Instructions for the task
I need the lines from the one holding "谈起丁阳,师傅杨永臻骄傲地竖" to the last line of the data below repeated exactly, both included, without pictures.
※ ※ ※
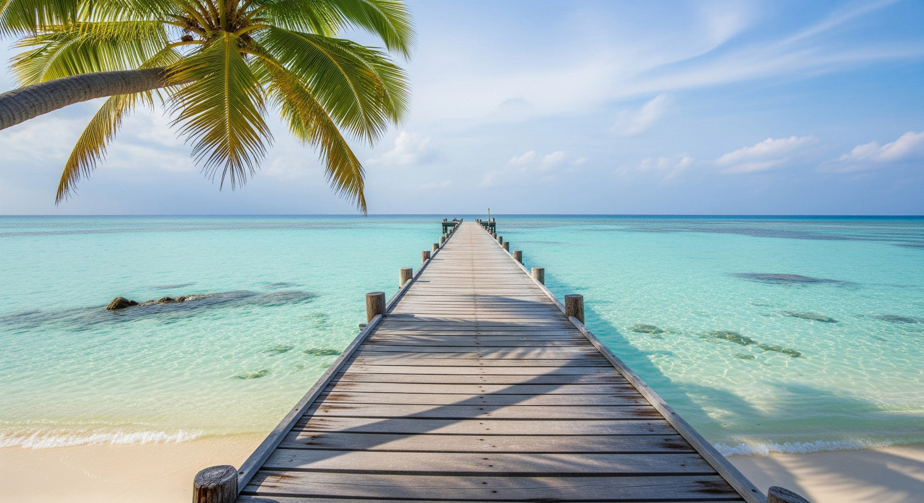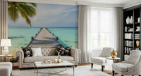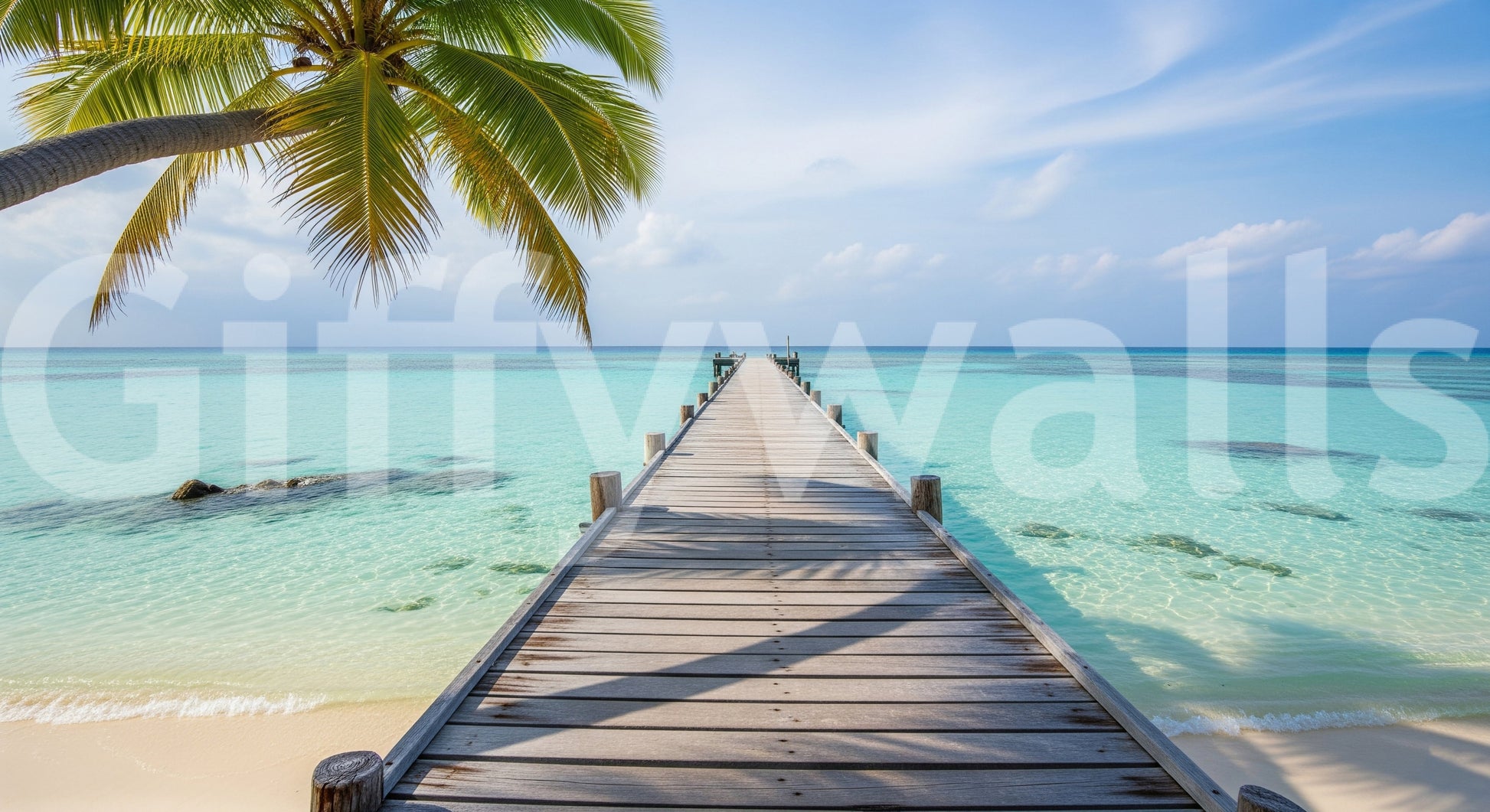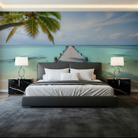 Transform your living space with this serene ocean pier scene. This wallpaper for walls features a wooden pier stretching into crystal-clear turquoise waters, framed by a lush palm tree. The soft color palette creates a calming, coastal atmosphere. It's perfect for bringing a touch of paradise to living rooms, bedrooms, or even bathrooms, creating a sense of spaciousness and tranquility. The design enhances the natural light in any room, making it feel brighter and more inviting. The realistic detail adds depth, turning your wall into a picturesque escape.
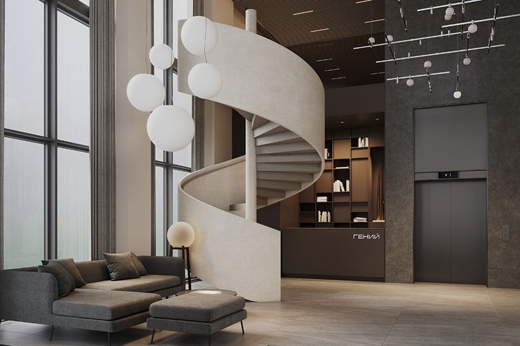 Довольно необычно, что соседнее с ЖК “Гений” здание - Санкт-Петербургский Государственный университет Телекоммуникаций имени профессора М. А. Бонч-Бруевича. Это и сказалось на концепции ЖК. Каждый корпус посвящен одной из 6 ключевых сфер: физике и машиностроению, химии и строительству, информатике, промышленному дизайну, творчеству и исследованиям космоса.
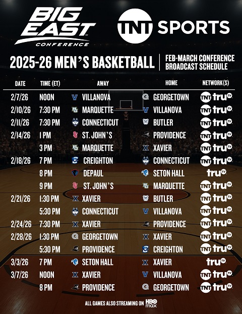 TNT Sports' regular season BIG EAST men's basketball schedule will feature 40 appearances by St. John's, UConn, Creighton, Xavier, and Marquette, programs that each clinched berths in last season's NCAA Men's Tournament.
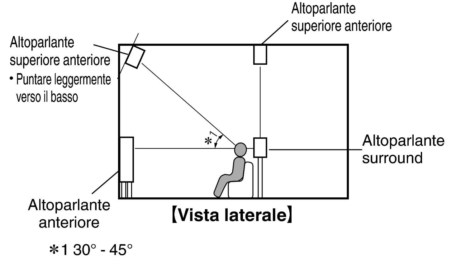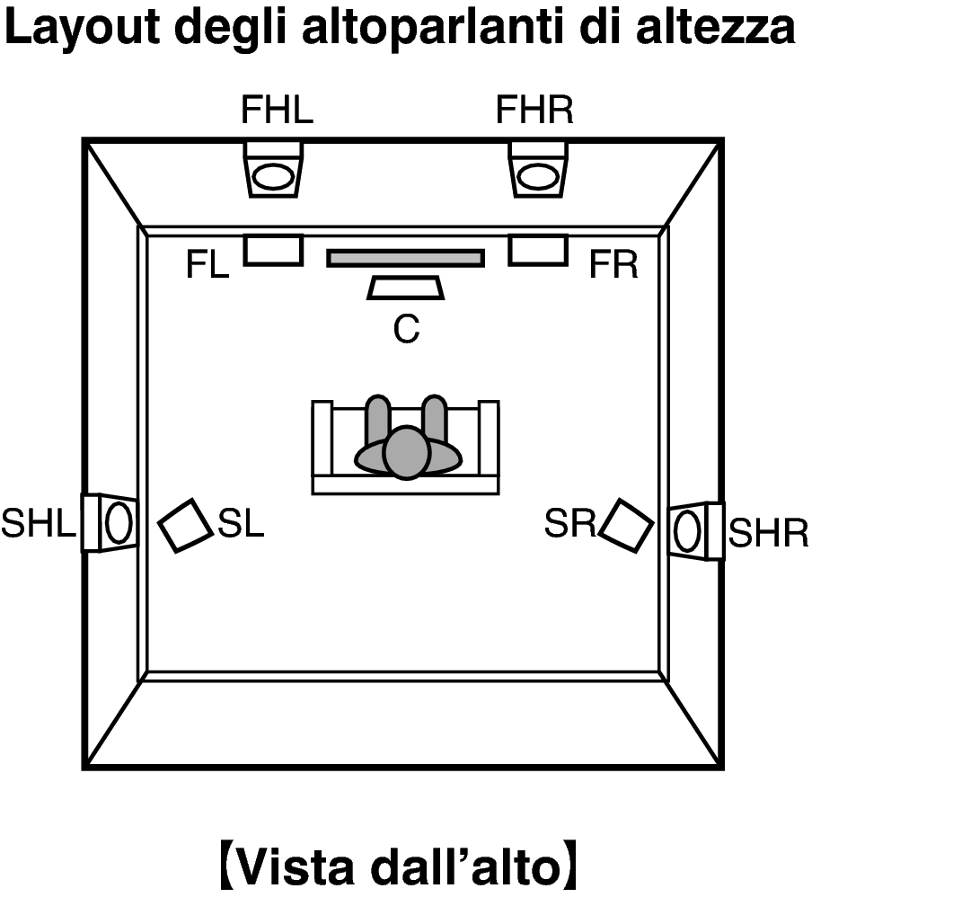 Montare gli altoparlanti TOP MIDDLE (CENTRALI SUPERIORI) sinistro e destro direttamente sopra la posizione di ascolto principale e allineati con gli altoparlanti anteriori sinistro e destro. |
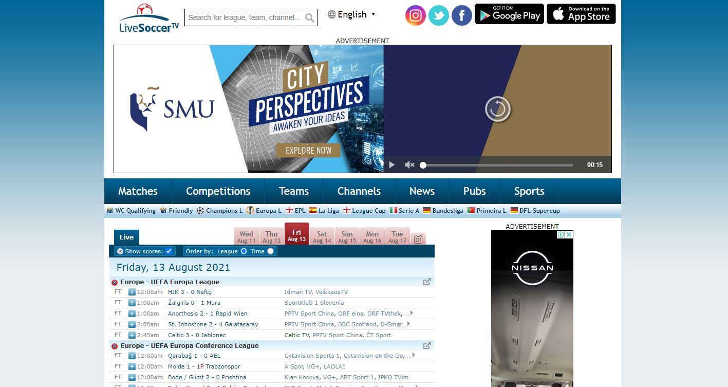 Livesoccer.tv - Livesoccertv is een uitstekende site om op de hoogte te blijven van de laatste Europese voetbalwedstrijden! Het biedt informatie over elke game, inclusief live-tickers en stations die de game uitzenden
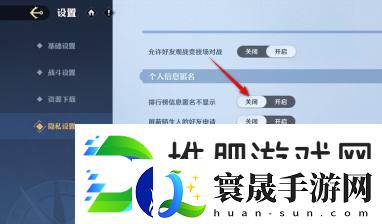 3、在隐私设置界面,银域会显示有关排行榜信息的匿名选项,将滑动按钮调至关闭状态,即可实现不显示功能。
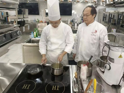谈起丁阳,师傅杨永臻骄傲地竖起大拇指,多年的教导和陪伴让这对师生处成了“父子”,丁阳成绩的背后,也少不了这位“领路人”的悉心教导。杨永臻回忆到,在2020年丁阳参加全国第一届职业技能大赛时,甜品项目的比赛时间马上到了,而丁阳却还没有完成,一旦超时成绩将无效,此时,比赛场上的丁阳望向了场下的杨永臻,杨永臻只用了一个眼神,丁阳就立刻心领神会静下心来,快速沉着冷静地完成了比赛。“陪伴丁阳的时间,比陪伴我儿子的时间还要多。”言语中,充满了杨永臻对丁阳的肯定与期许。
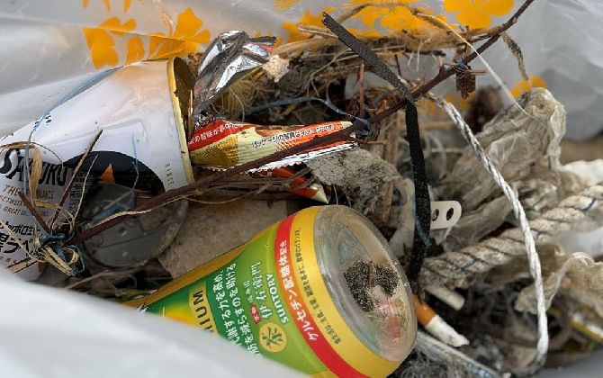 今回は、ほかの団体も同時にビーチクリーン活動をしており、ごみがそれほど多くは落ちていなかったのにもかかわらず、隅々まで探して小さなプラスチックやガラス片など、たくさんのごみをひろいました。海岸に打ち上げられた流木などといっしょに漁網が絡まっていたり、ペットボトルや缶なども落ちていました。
※ ※ ※
Written response
谈起丁阳,师傅杨永臻骄傲地竖起大拇指,多年的教导和陪伴让这对师生处成了“父子”,丁阳成绩的背后,也少不了这位“领路人”的悉心教导。杨永臻回忆到,在2020年丁阳参加全国第一届职业技能大赛时,甜品项目的比赛时间马上到了,而丁阳却还没有完成,一旦超时成绩将无效,此时,比赛场上的丁阳望向了场下的杨永臻,杨永臻只用了一个眼神,丁阳就立刻心领神会静下心来,快速沉着冷静地完成了比赛。“陪伴丁阳的时间,比陪伴我儿子的时间还要多。”言语中,充满了杨永臻对丁阳的肯定与期许。
 今回は、ほかの団体も同時にビーチクリーン活動をしており、ごみがそれほど多くは落ちていなかったのにもかかわらず、隅々まで探して小さなプラスチックやガラス片など、たくさんのごみをひろいました。海岸に打ち上げられた流木などといっしょに漁網が絡まっていたり、ペットボトルや缶なども落ちていました。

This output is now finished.